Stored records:
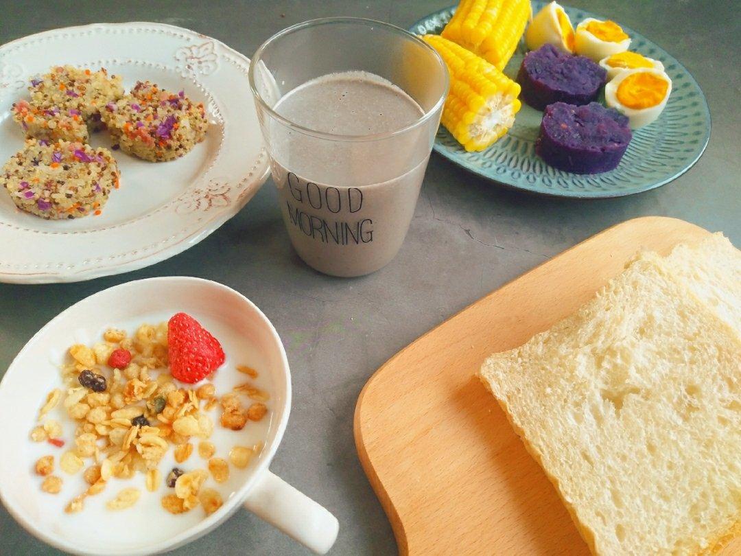 嘻嘻~豆浆粉+全脂奶+紫薯泥+魔芋米+坚果+枸杞=完美的早餐
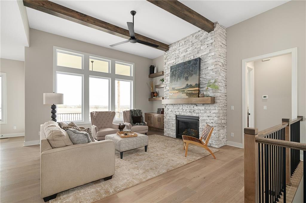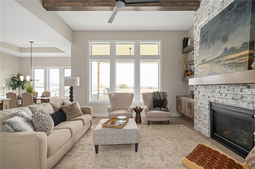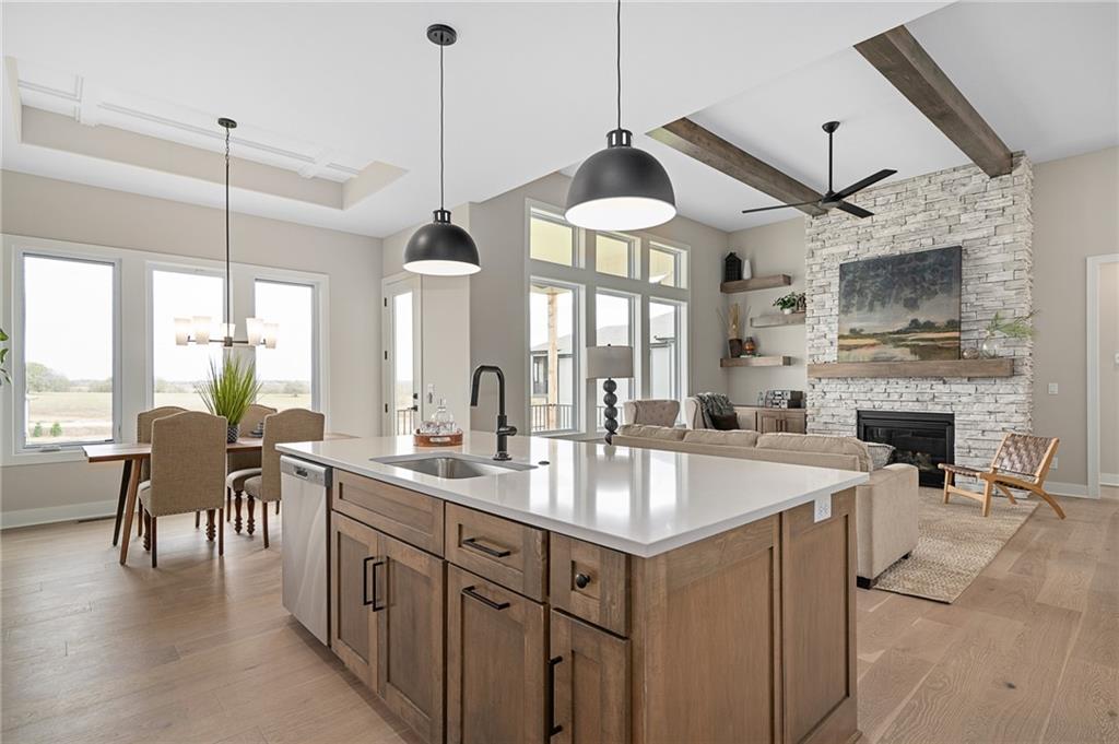 Pauli Homes brings their popular Sicilian 2 plan to Johnson Counties newest maintenance provided community, Prairie Canyon! Conveniently located just west of K-7 off of College Blvd.! This fabulous Rev. 1.5 sty. is on a cul-de-sac, perched on a ridge, backing east with extended beautiful views! Open concept: Great rm / Dining / Kitchen w/spacious island, large walk-in pantry, FP & includes a versatile 1st flr. guest rm. or Den. L-shaped lower-level design allows for plenty of recreation space & family/media area plus 2 bedrooms w/a share bath. Exceptional quality & value you've come to expect from from Pauli Homes in a signature Prime Development Co. Community!
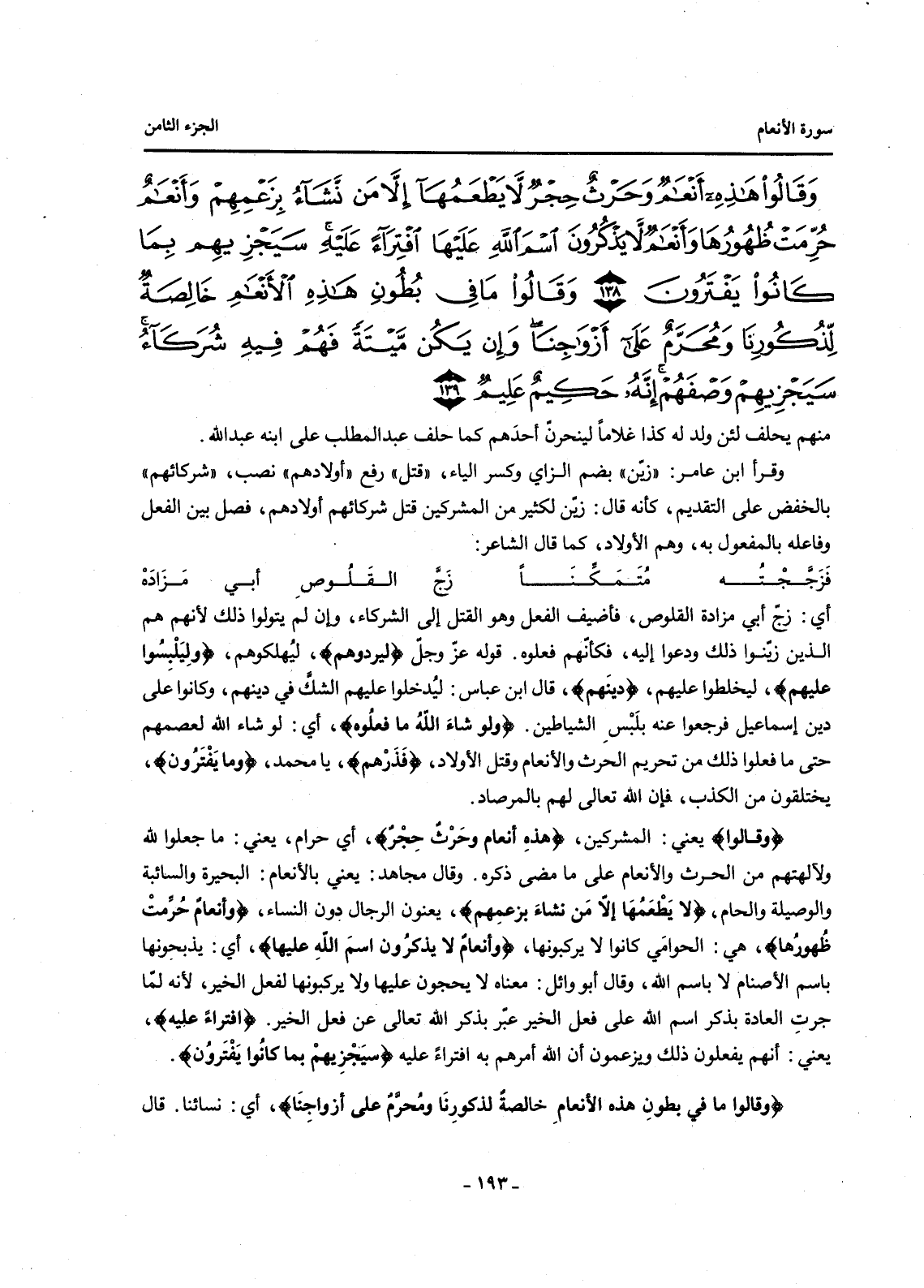 {وَقَالُوا هَذِهِ أَنْعَامٌ وَحَرْثٌ حِجْرٌ لَا يَطْعَمُهَا إِلَّا مَنْ نَشَاءُ بِزَعْمِهِمْ وَأَنْعَامٌ حُرِّمَتْ ظُهُورُهَا وَأَنْعَامٌ لَا يَذْكُرُونَ اسْمَ اللَّهِ عَلَيْهَا افْتِرَاءً عَلَيْهِ سَيَجْزِيهِمْ بِمَا كَانُوا يَفْتَرُونَ (138) وَقَالُوا مَا فِي بُطُونِ هَذِهِ الْأَنْعَامِ خَالِصَةٌ لِذُكُورِنَا وَمُحَرَّمٌ عَلَى أَزْوَاجِنَا وَإِنْ يَكُنْ مَيْتَةً فَهُمْ فِيهِ شُرَكَاءُ سَيَجْزِيهِمْ وَصْفَهُمْ إِنَّهُ حَكِيمٌ عَلِيمٌ (139) }
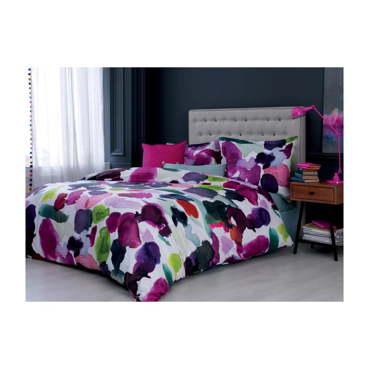 This stunning duvet cover is luxurious and high quality with a directional abstract print. The unique and vibrant design features organic watercolour marks, as well as a unique colour palette, which perfectly balances brights and neutrals. The ultimate style statement, this Abstract printed duvet cover from bluebellgray will add a welcome pop of colour to a cool-coloured bedroom, or complete a bright colour scheme. It is woven from high quality cotton at a thread count of 220 for a soft, luxurious feel against your skin. Made from pure cotton for a cool, breathable feel, which will aid temperature regulation and help wick away moisture lost during sleep. Designed in Scotland bluebellgray is a celebration of vibrant colour and all things floral, recreated with love and care for your home. Each bluebellgray design is handpainted in the boutique brand's Scottish studio, before being transformed into gorgeous linens and textiles. The single set comes with one standard pillowcase, while the double, king and super king sets come with two standard pillowcases. Additional individual standard pillowcases are available to purchase separately. Have you thought about sheeting? Shop here. Size guide Bedding size To fit duvet/pillow size (cm) Standard pillowcase L75 x W50cm Single duvet cover L200 x W135cm Double duvet cover L200 x W200cm King duvet cover L220 x W225cm Super king duvet cover L220 x W260 cm
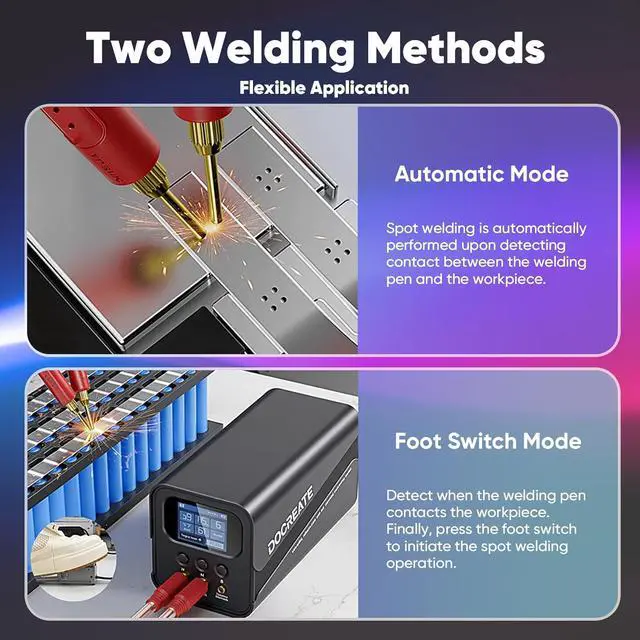 Automatic & Foot Pedal Welding Modes Offers two practical welding methods. In Automatic Mode, the welder triggers when the welding pen contacts the workpiece. In Foot Pedal Mode, you position the pen first and then step on the pedal to fire the weld, allowing steadier control on precise welds. Simple operation suitable for both beginners and experienced users.
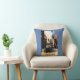 Street View with Couple & Tower Clock Rail Throw Pillow
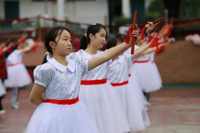 据施洋小学负责人介绍,学校近几年来大力推进“红色文化进校园”工程,不仅将红色教育融入课堂教学,还通过快板、情景剧等学生喜闻乐见的形式,让红色文化可感可知。“学一学做一做,校园处处换新颜”已成为校园的真实写照。

What you should do
Write out every line above again exactly, with the pictures left out.

Your response
 嘻嘻~豆浆粉+全脂奶+紫薯泥+魔芋米+坚果+枸杞=完美的早餐
 Pauli Homes brings their popular Sicilian 2 plan to Johnson Counties newest maintenance provided community, Prairie Canyon! Conveniently located just west of K-7 off of College Blvd.! This fabulous Rev. 1.5 sty. is on a cul-de-sac, perched on a ridge, backing east with extended beautiful views! Open concept: Great rm / Dining / Kitchen w/spacious island, large walk-in pantry, FP & includes a versatile 1st flr. guest rm. or Den. L-shaped lower-level design allows for plenty of recreation space & family/media area plus 2 bedrooms w/a share bath. Exceptional quality & value you've come to expect from from Pauli Homes in a signature Prime Development Co. Community!
 {وَقَالُوا هَذِهِ أَنْعَامٌ وَحَرْثٌ حِجْرٌ لَا يَطْعَمُهَا إِلَّا مَنْ نَشَاءُ بِزَعْمِهِمْ وَأَنْعَامٌ حُرِّمَتْ ظُهُورُهَا وَأَنْعَامٌ لَا يَذْكُرُونَ اسْمَ اللَّهِ عَلَيْهَا افْتِرَاءً عَلَيْهِ سَيَجْزِيهِمْ بِمَا كَانُوا يَفْتَرُونَ (138) وَقَالُوا مَا فِي بُطُونِ هَذِهِ الْأَنْعَامِ خَالِصَةٌ لِذُكُورِنَا وَمُحَرَّمٌ عَلَى أَزْوَاجِنَا وَإِنْ يَكُنْ مَيْتَةً فَهُمْ فِيهِ شُرَكَاءُ سَيَجْزِيهِمْ وَصْفَهُمْ إِنَّهُ حَكِيمٌ عَلِيمٌ (139) }
 This stunning duvet cover is luxurious and high quality with a directional abstract print. The unique and vibrant design features organic watercolour marks, as well as a unique colour palette, which perfectly balances brights and neutrals. The ultimate style statement, this Abstract printed duvet cover from bluebellgray will add a welcome pop of colour to a cool-coloured bedroom, or complete a bright colour scheme. It is woven from high quality cotton at a thread count of 220 for a soft, luxurious feel against your skin. Made from pure cotton for a cool, breathable feel, which will aid temperature regulation and help wick away moisture lost during sleep. Designed in Scotland bluebellgray is a celebration of vibrant colour and all things floral, recreated with love and care for your home. Each bluebellgray design is handpainted in the boutique brand's Scottish studio, before being transformed into gorgeous linens and textiles. The single set comes with one standard pillowcase, while the double, king and super king sets come with two standard pillowcases. Additional individual standard pillowcases are available to purchase separately. Have you thought about sheeting? Shop here. Size guide Bedding size To fit duvet/pillow size (cm) Standard pillowcase L75 x W50cm Single duvet cover L200 x W135cm Double duvet cover L200 x W200cm King duvet cover L220 x W225cm Super king duvet cover L220 x W260 cm
 Automatic & Foot Pedal Welding Modes Offers two practical welding methods. In Automatic Mode, the welder triggers when the welding pen contacts the workpiece. In Foot Pedal Mode, you position the pen first and then step on the pedal to fire the weld, allowing steadier control on precise welds. Simple operation suitable for both beginners and experienced users.
 Street View with Couple & Tower Clock Rail Throw Pillow
 据施洋小学负责人介绍,学校近几年来大力推进“红色文化进校园”工程,不仅将红色教育融入课堂教学,还通过快板、情景剧等学生喜闻乐见的形式,让红色文化可感可知。“学一学做一做,校园处处换新颜”已成为校园的真实写照。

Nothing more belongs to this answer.